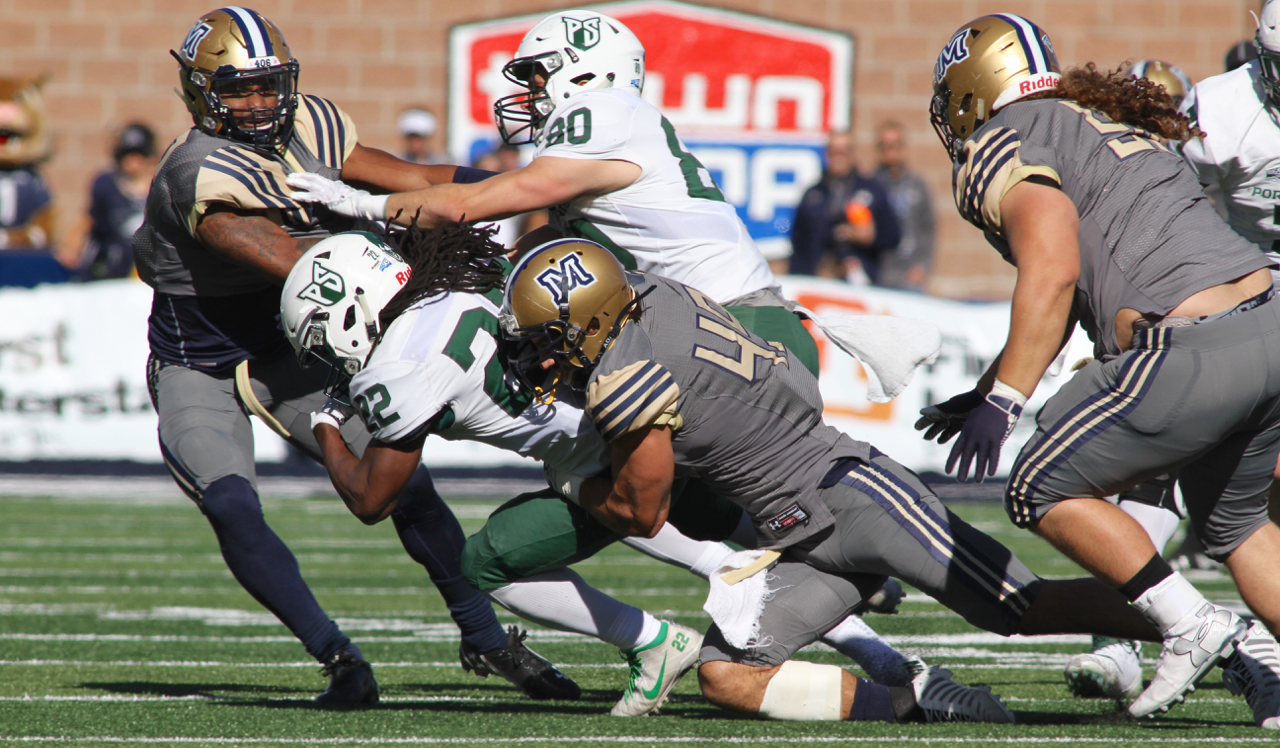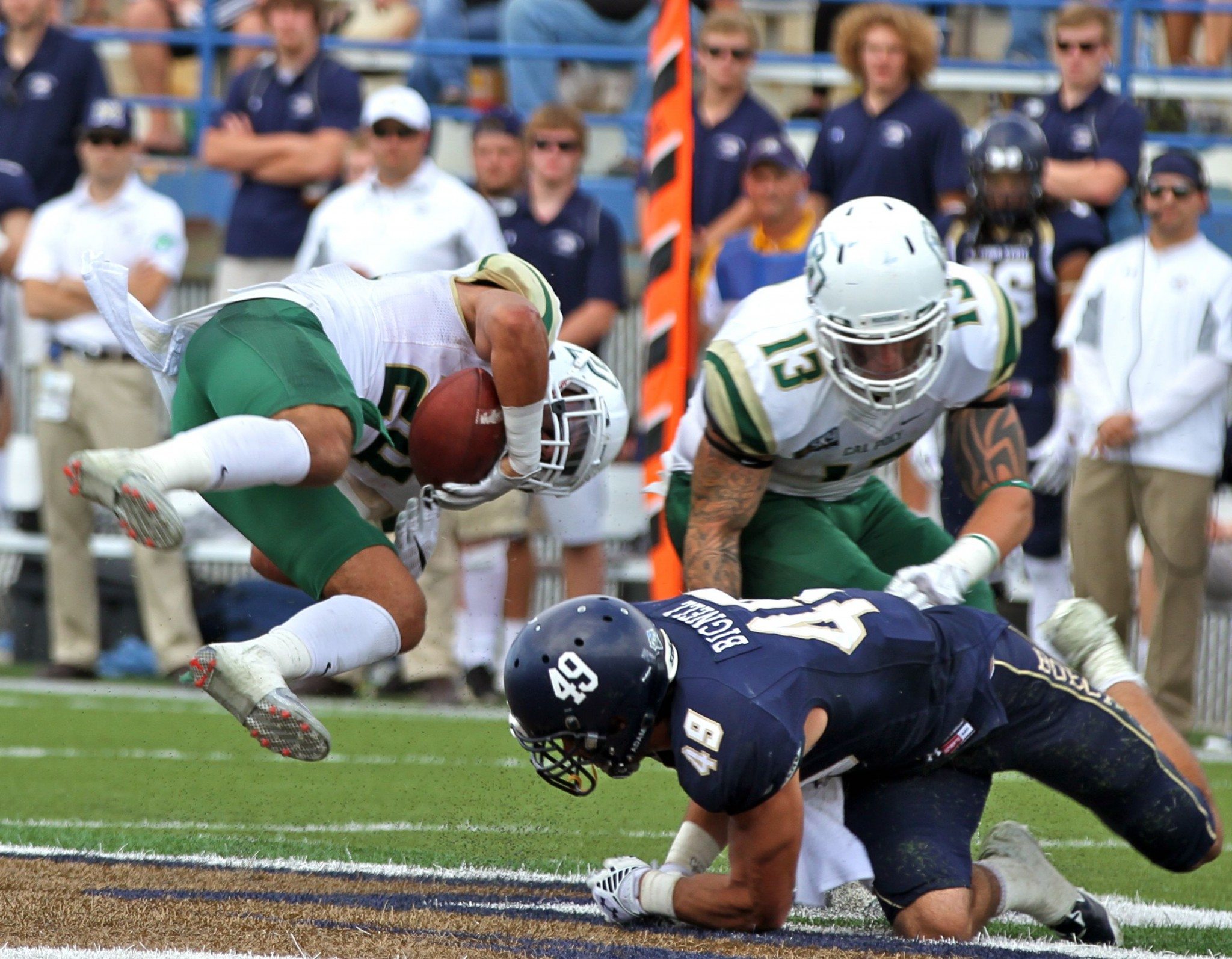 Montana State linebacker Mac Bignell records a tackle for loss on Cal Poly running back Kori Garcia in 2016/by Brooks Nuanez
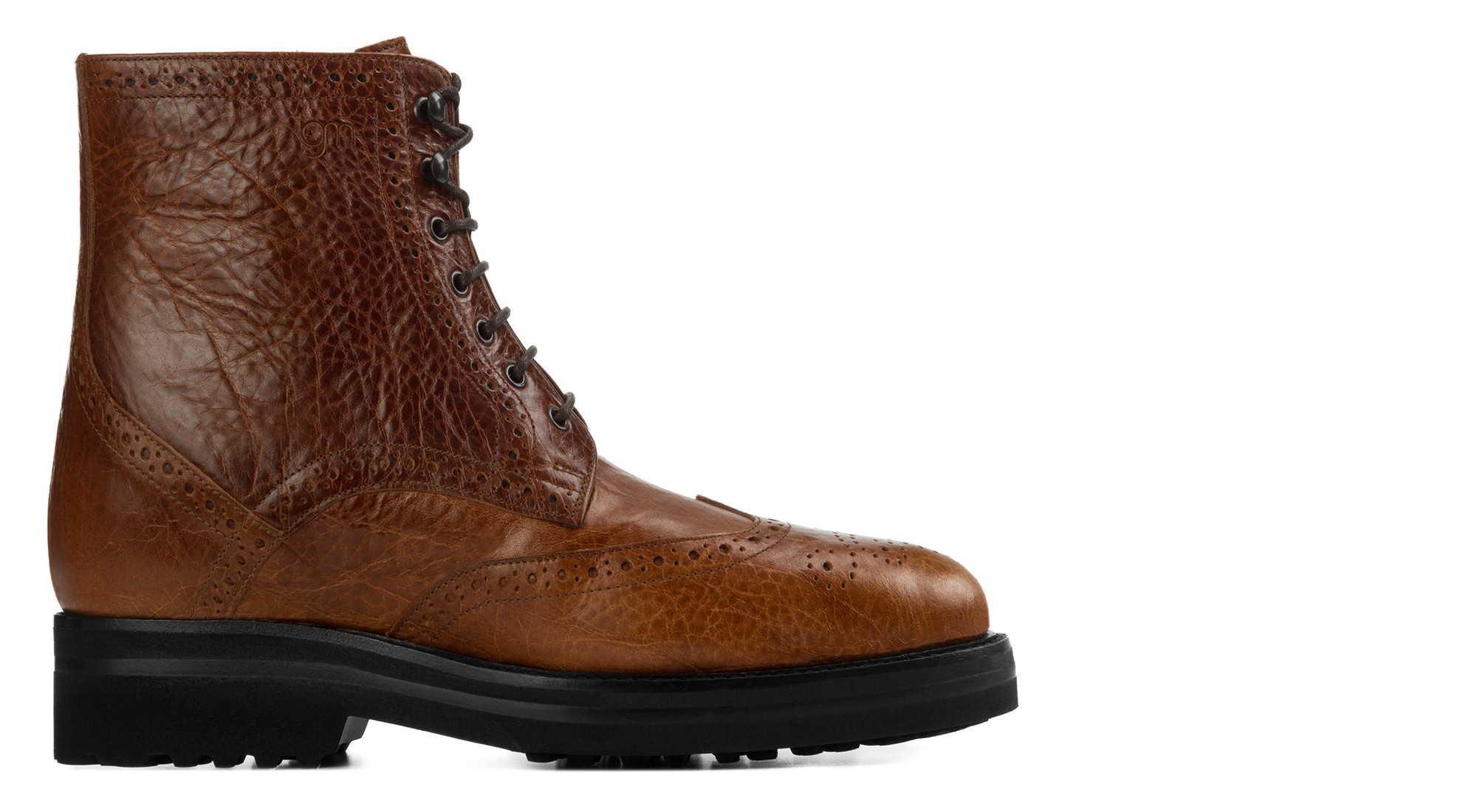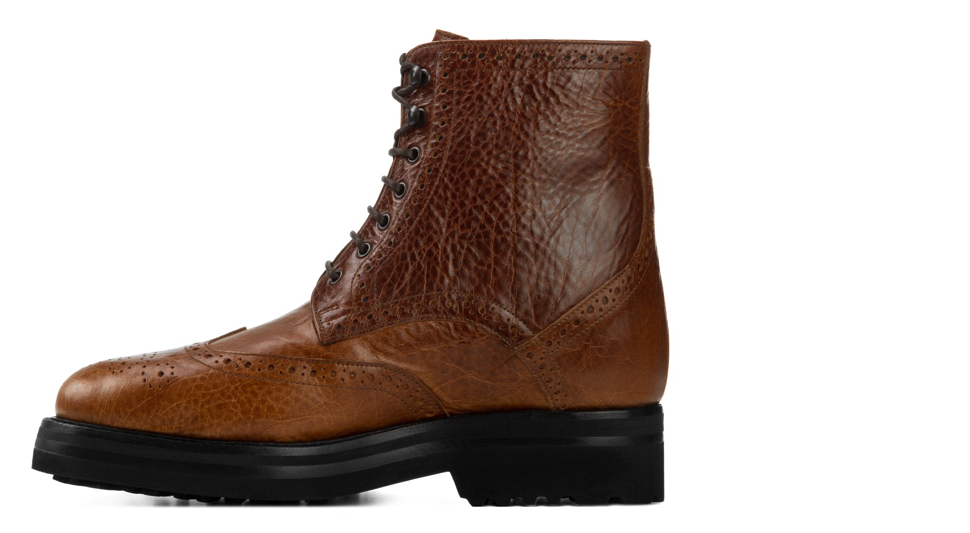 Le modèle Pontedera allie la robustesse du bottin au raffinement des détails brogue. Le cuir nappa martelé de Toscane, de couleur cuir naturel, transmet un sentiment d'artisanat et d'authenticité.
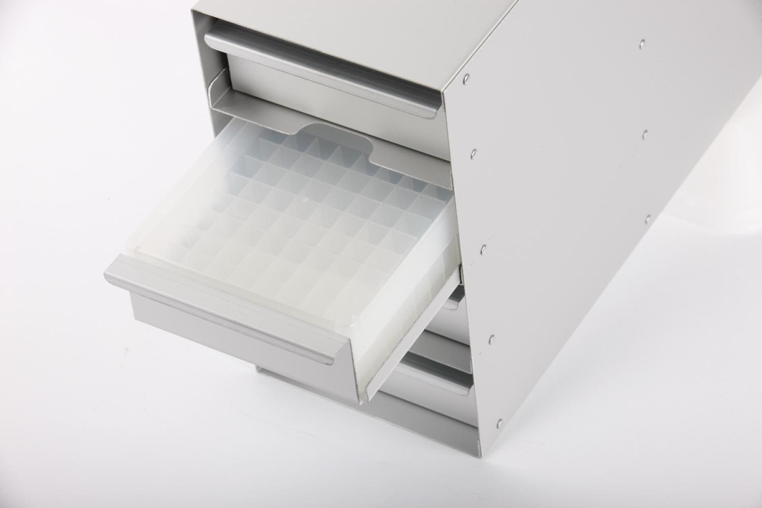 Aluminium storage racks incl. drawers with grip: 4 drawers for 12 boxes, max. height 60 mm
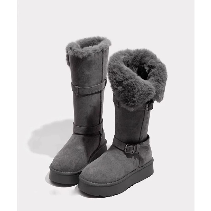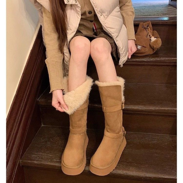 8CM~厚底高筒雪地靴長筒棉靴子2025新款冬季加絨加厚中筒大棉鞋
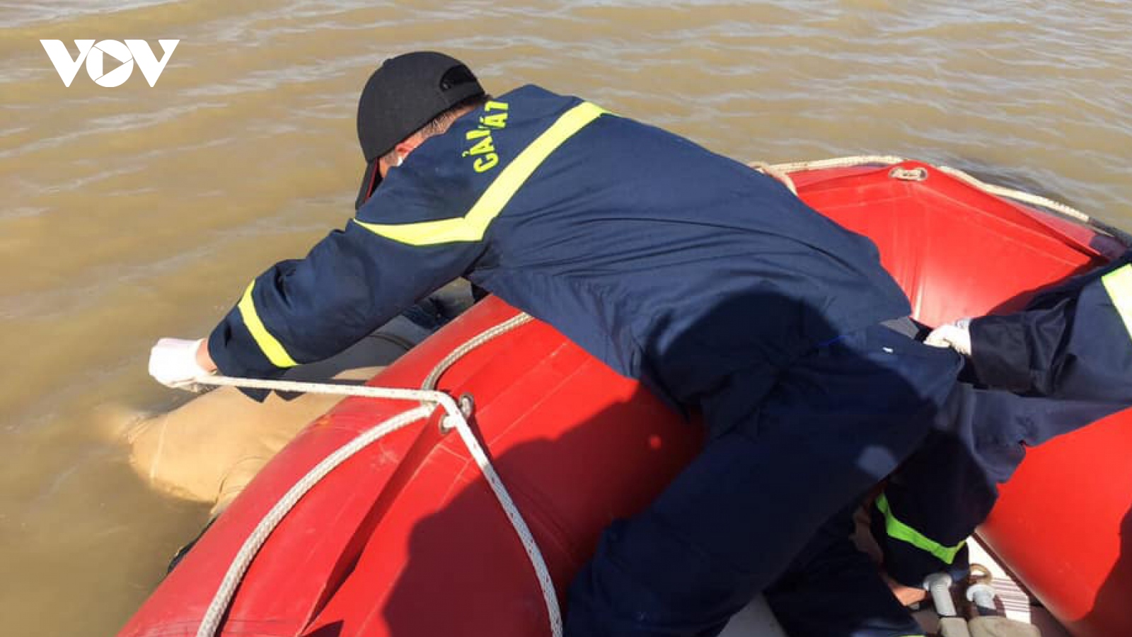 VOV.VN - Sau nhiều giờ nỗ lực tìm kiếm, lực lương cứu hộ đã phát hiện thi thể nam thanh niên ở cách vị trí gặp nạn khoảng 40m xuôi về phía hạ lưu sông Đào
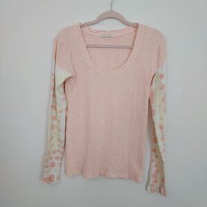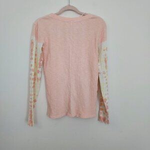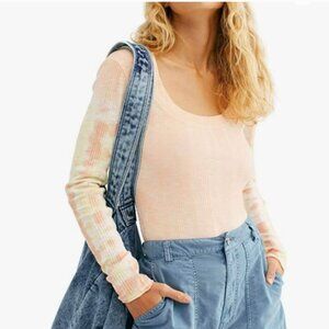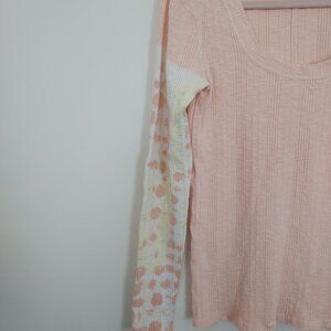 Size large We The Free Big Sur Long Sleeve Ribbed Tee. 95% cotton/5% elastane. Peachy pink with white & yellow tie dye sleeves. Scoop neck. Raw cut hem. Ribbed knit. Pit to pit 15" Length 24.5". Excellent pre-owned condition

**DESCRIPTION OF THE TASK**
Would you restate, word for word and with no pictures, only the lines from the opening of the material through the line with "Le modèle Pontedera", both included?

**SOLUTION**
 Montana State linebacker Mac Bignell records a tackle for loss on Cal Poly running back Kori Garcia in 2016/by Brooks Nuanez
 Le modèle Pontedera allie la robustesse du bottin au raffinement des détails brogue. Le cuir nappa martelé de Toscane, de couleur cuir naturel, transmet un sentiment d'artisanat et d'authenticité.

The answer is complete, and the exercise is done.